Question

Solve this integration: $\int{{{\sin }^{3}}x{{\cos }^{3}}xdx}$ using proper trigonometric identity and formula.

Answer 1

Hint: Multiply and divide the whole relation by 2 and use the trigonometric identity of $\sin 2x=2\sin x\cos x$ to get the given integral in simplified form. Use the trigonometric identity of $\sin 3x$, whenever required. It is given as $\sin 3x=3\sin x-4{{\sin }^{3}}x$ .

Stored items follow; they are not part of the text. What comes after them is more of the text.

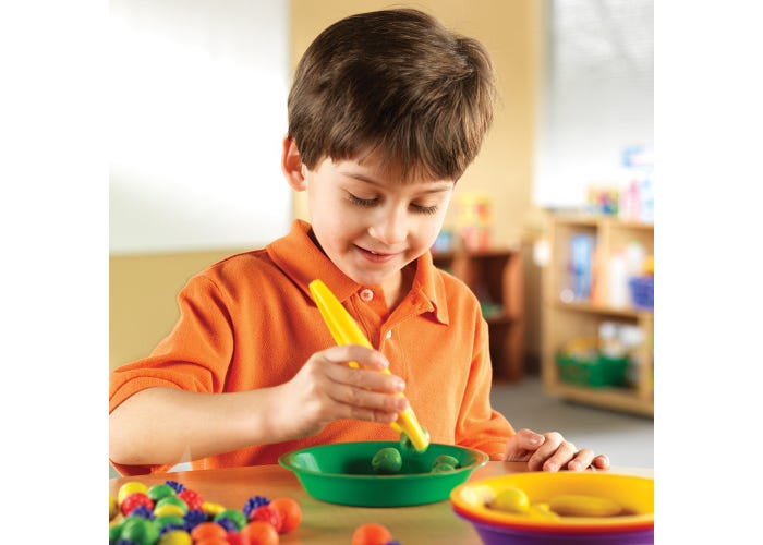 Strādājot pie satveršanas, paņemšanas un atlaišanas ar pinceti, bērni attīsta acu un roku koordināciju.
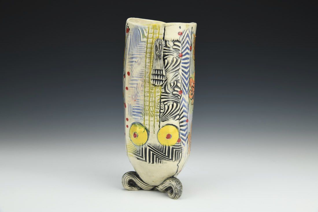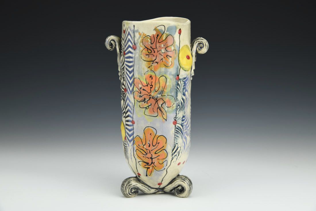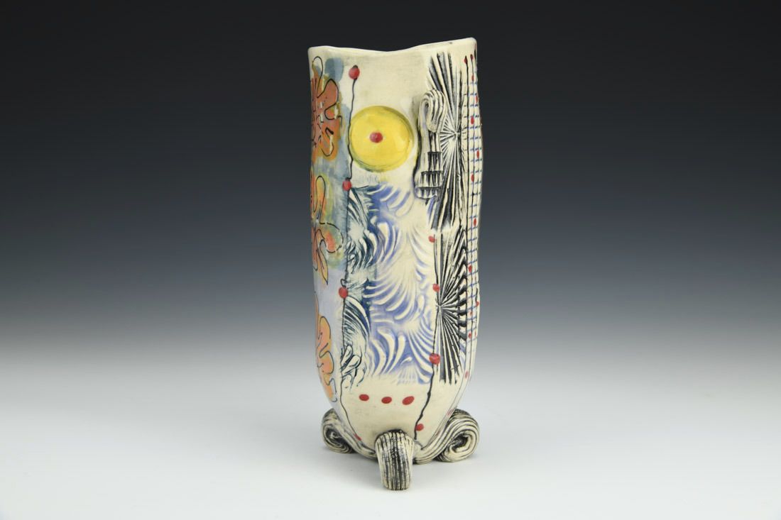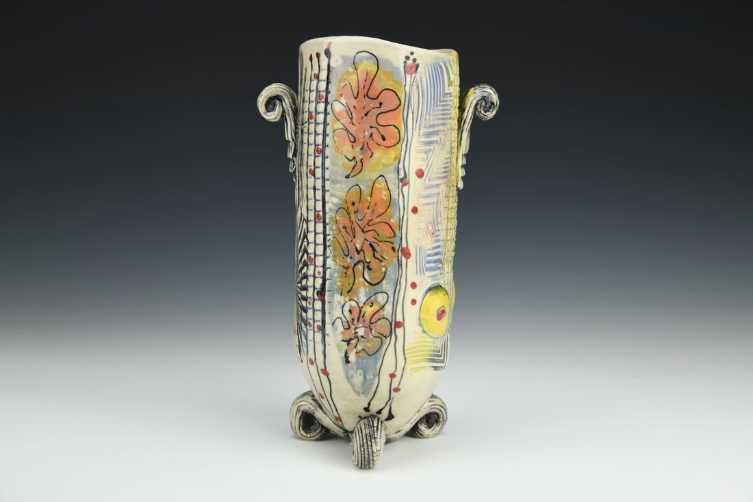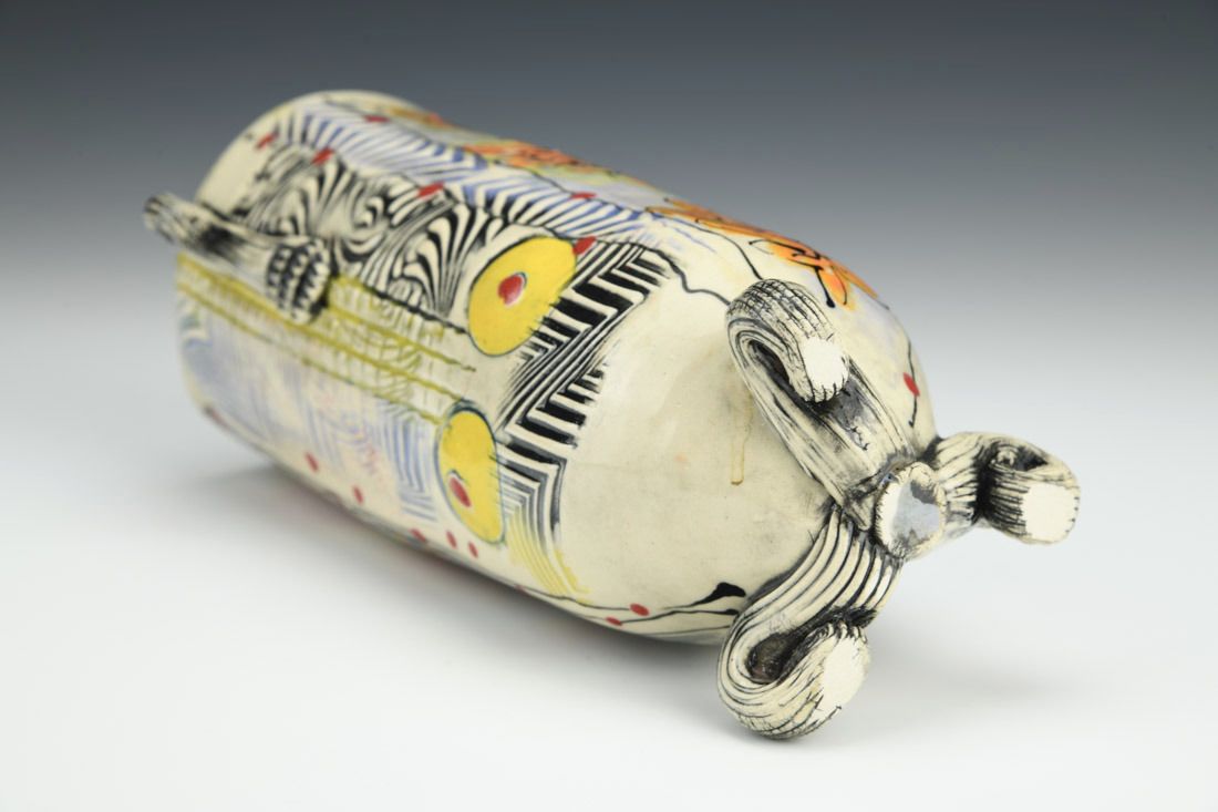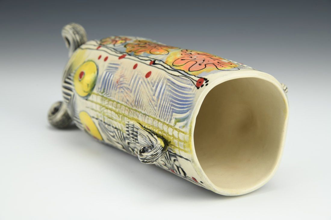 White stoneware, hand built, slips, decals, cone 6 electric fired, 8.25 x 5 x 3.5 inches.
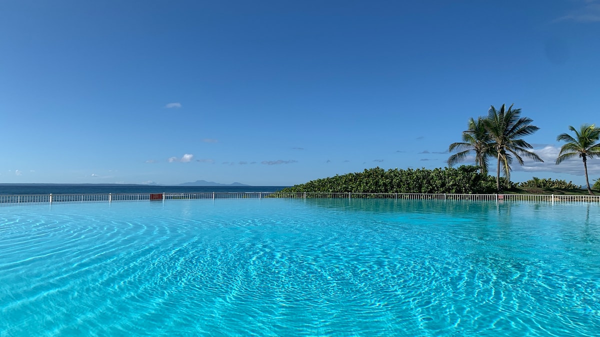 Studio de 30m2, confortable, cosy, ouvert sur l'extérieur, invite au repos dans un environnement de rêve. Il vient juste d'être rénové, au 2 ieme étage du bâtiment Frangipanier au 548, côté ombré. Résidence surveillée par des agents sécurité, plage lagon à 50 mètres, piscine à débordement à 50 mètres. Climatisation neuve et individuelle. lit 180*200. Linge de lit et de toilette fournis Serviettes de plage
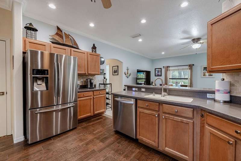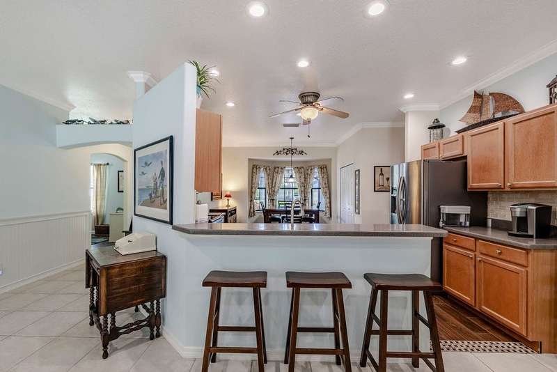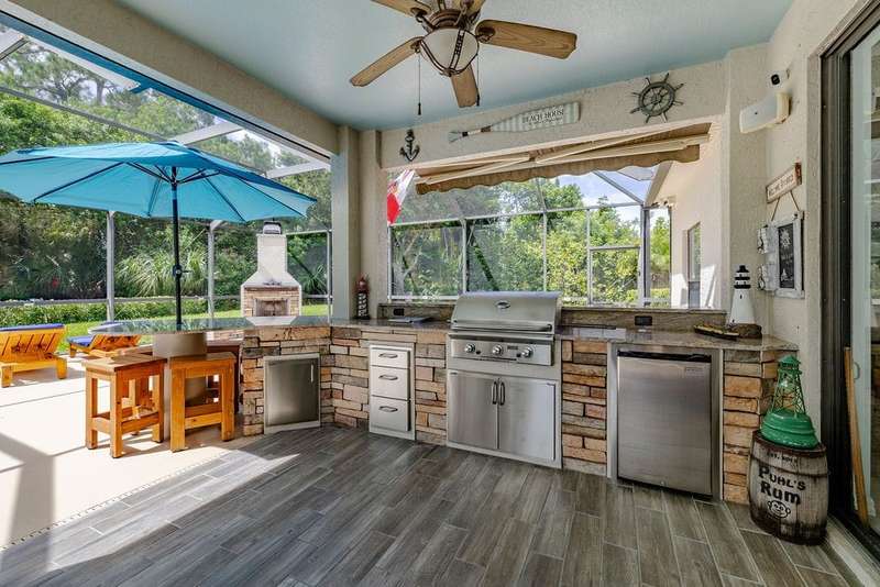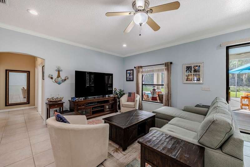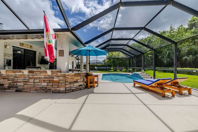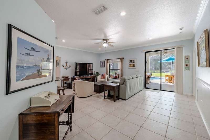 Embrace the pride of ownership with this remarkable pool home in Waters Edge. Featuring a built-in outdoor kitchen and fireplace, the property ensures complete privacy with its serene preserve backdrop. Ideal for hosting gatherings, the home showcases a generous open kitchen and a sought-after split floor plan with 3 bedrooms, 2 bathrooms, and a den. Freshly painted with elegant crown molding throughout, it's move-in ready. Conveniently located near top-rated schools, shopping, dining, and beaches. Plus, enjoy peace of mind with a roof installed in 2023. Sizes are approx/subj to error.
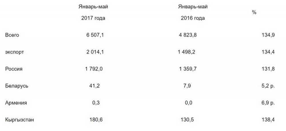 На 34,9% увеличилась взаимная торговля Казахстана со странами ЕАЭС в январе-мае этого года, сообщает Министерство национальной экономики. Всего за пять месяцев 2017 года взаимная торговля составила 6 млрд 507 млн долларов.
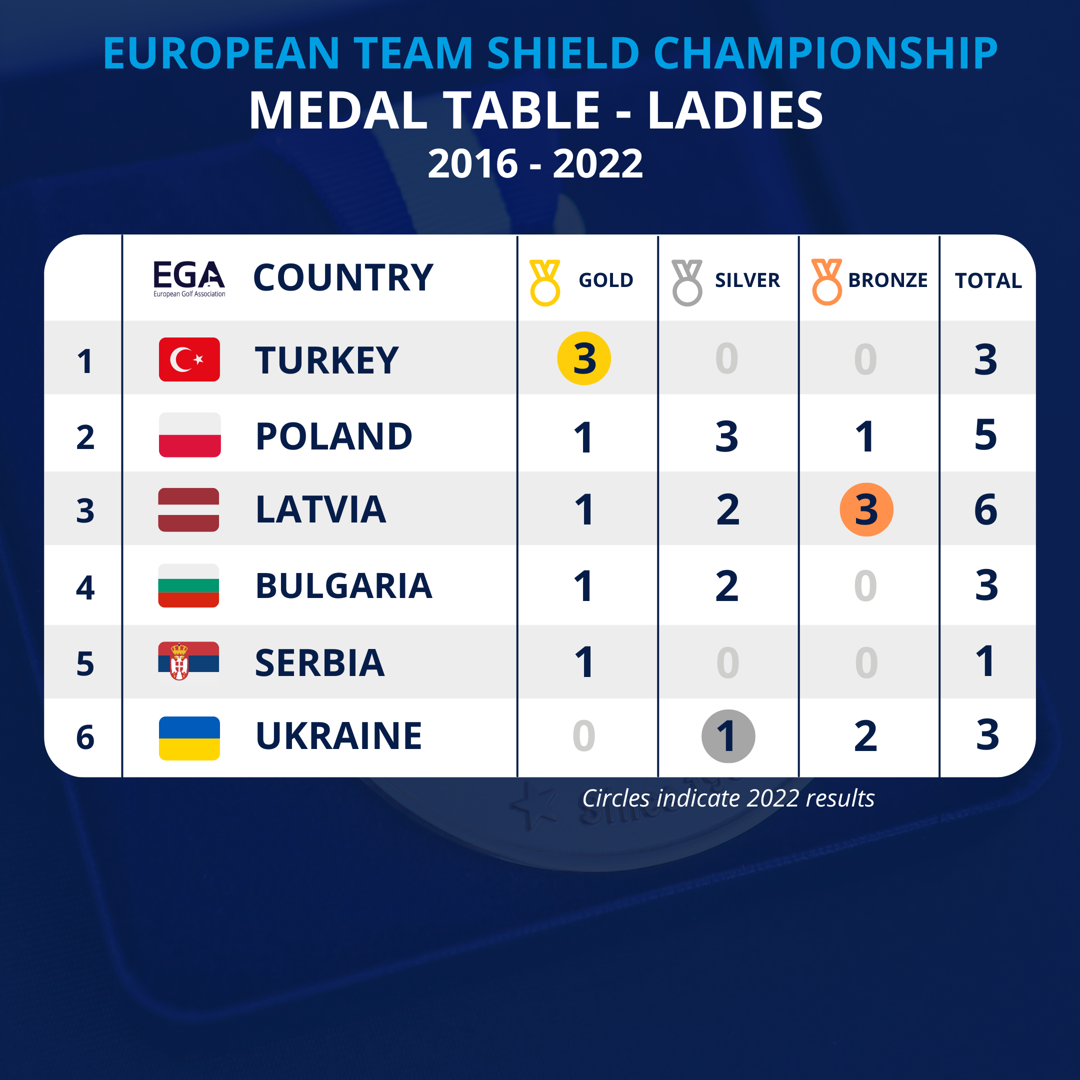 In the European Ladies' Team Shield Championship, Turkey also extended their advantage at the top of the medal table, having now won the event three times since the event was introduced in 2016.
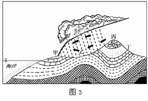 图3为“某地天气系统和地质构造示意图”。读图完成4-6题。
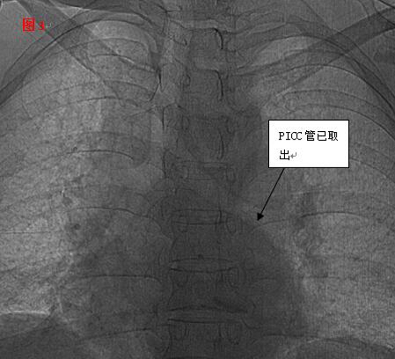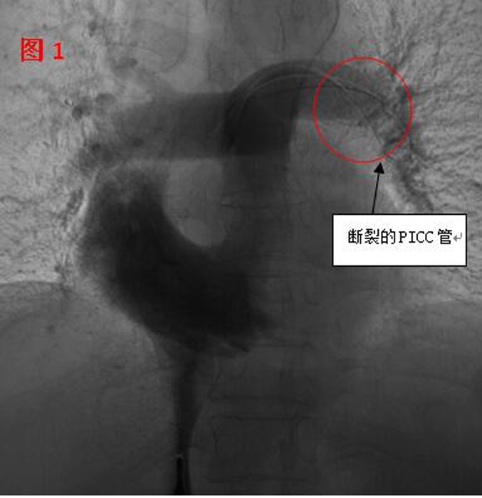 ??? 51歲的麗琴(化名)是一名乳腺癌患者。在當?shù)蒯t(yī)院化療結(jié)束并拔除外周中心靜脈(PICC)置管的過程中,發(fā)現(xiàn)管子的前半部竟然斷裂留存于體內(nèi),這可把醫(yī)生和麗琴著實嚇了一跳,連忙轉(zhuǎn)到我院。
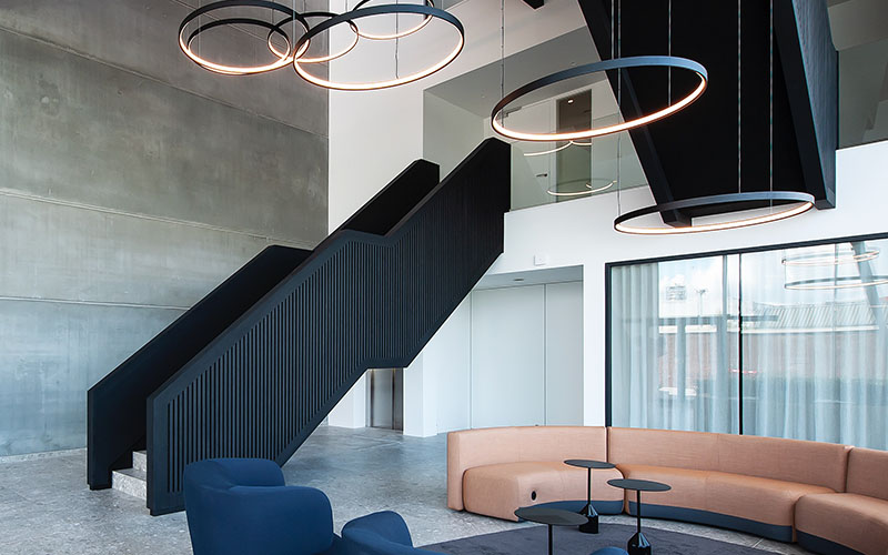 "A real eye-catcher in the office environment is the bar with cabinets and table and worktops in Elegant Black HPL. In the back wall of the bar, you can see the fine slat pattern of the steps again. In the meeting room and creative corner of the office, we again highlighted Moderna blue with Ink Blue HPL.”
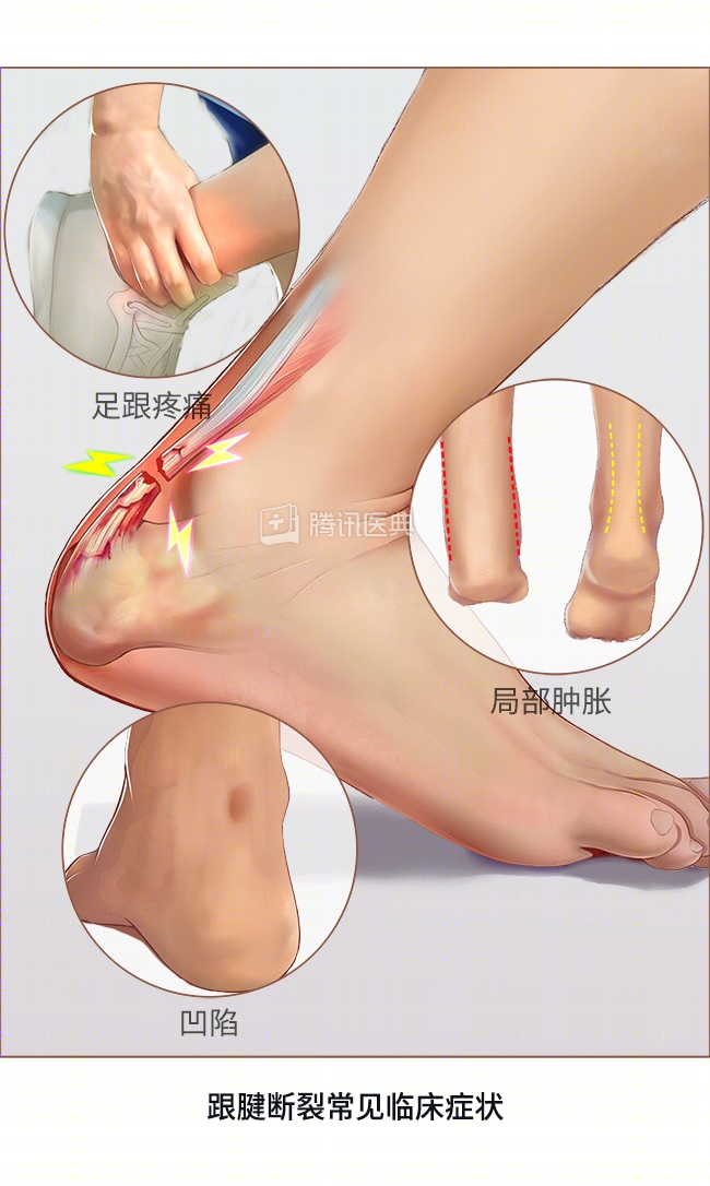 医生可根据病史,症状与体格检查,辅助检查结果来诊断跟腱断裂。
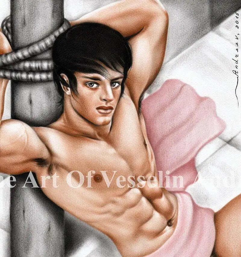 Print Of Male Nude Painting – The Captive – Naked Man Figure Picture Male Nudity Portrait Sensual Erotic Drawing Art Artist Andreev

Complete step-by-step answer:

Let us suppose the value of the given integral be I. So, we get equation as
$I=\int{{{\sin }^{3}}x{{\cos }^{3}}xdx}$ …………………………(i)
Now, we can rewrite the equation (i) as
$I=\int{{{\left( \sin x\cos x \right)}^{3}}dx}$
Multiply and divide by 2 inside the bracket of RHS part of the above equation, we get
$I=\int{\dfrac{{{\left( 2\sin x\cos x \right)}^{3}}}{{{\left( 2 \right)}^{3}}}dx}$
$\Rightarrow I=\dfrac{1}{8}\int{{{\left( 2\sin x\cos x \right)}^{3}}dx}$ ………………………(ii)
Now, we know the trigonometric identity of $\sin 2x$ is given as
$\sin 2x=2\sin x\cos x$ ……………………………….(iii)
So, we can replace $2\sin x\cos x$ from the equation (iii) by $\sin 2x$ in the expression of equation (ii).
So, we get value of I as
$I=\dfrac{1}{8}\int{{{\left( \sin 2x \right)}^{3}}dx}$
$I=\dfrac{1}{8}\int{{{\sin }^{3}}2xdx}$ …...............................(iv)
As we know trigonometric identity of $\sin 3x$ can be given as
$\sin 3x=3\sin x-4{{\sin }^{3}}x$ ………………………..(v)
Now, put $x=2x$ to the equation (v), so, we get
$\sin 6x=3\sin 2x-4{{\sin }^{3}}2x$
Now, we can get value of ${{\sin }^{3}}2x$ as
$4{{\sin }^{3}}2x=3\sin 2x-\sin 6x$
$\Rightarrow {{\sin }^{3}}2x=\dfrac{3}{4}\sin 2x-\dfrac{1}{4}\sin 6x$ ………………………(vi)
Hence, using equation (vi), we can replace ${{\sin }^{3}}2x$ by $\dfrac{3}{4}\sin 2x-\dfrac{1}{4}\sin 6x$ . Hence, we get value of I as
$I=\dfrac{1}{8}\int{\left( \dfrac{3}{4}\sin 2x-\dfrac{1}{4}\sin 6x \right)dx}$
$I=\dfrac{3}{32}\int{\sin 2x-\dfrac{1}{32}\int{\sin 6x}dx}$
Now, we know $\int{\sin xdx=-\cos x}$
So, we get value of I as
$I=\dfrac{3}{32}\left( \dfrac{-\cos 2x}{2} \right)-\dfrac{1}{32}\left( \dfrac{-\cos 6x}{6} \right)+c$
$I=\dfrac{-3\cos 2x}{64}+\dfrac{\cos 6x}{192}+c$
Hence, we get $\int{{{\sin }^{3}}x{{\cos }^{3}}xdx}=\dfrac{-3\cos 2x}{64}+\dfrac{\cos 6x}{192}+c$

Note: Another approach for the problem would be that we can replace ${{\cos }^{3}}x$ and ${{\sin }^{3}}x$ by relations :-
${{\sin }^{3}}x=3\sin x-4{{\sin }^{3}}x$
${{\cos }^{3}}x=4{{\cos }^{3}}x-3\cos x$
And hence, multiply them and simplify it.
Always try to convert $\int{{{\sin }^{^{m}}}x{{\cos }^{n}}xdx}$ by $\sin 2x=2\sin x\cos x$ , if m and n are odd numbers and same, otherwise suppose ${{\tan }^{2}}x=t$ .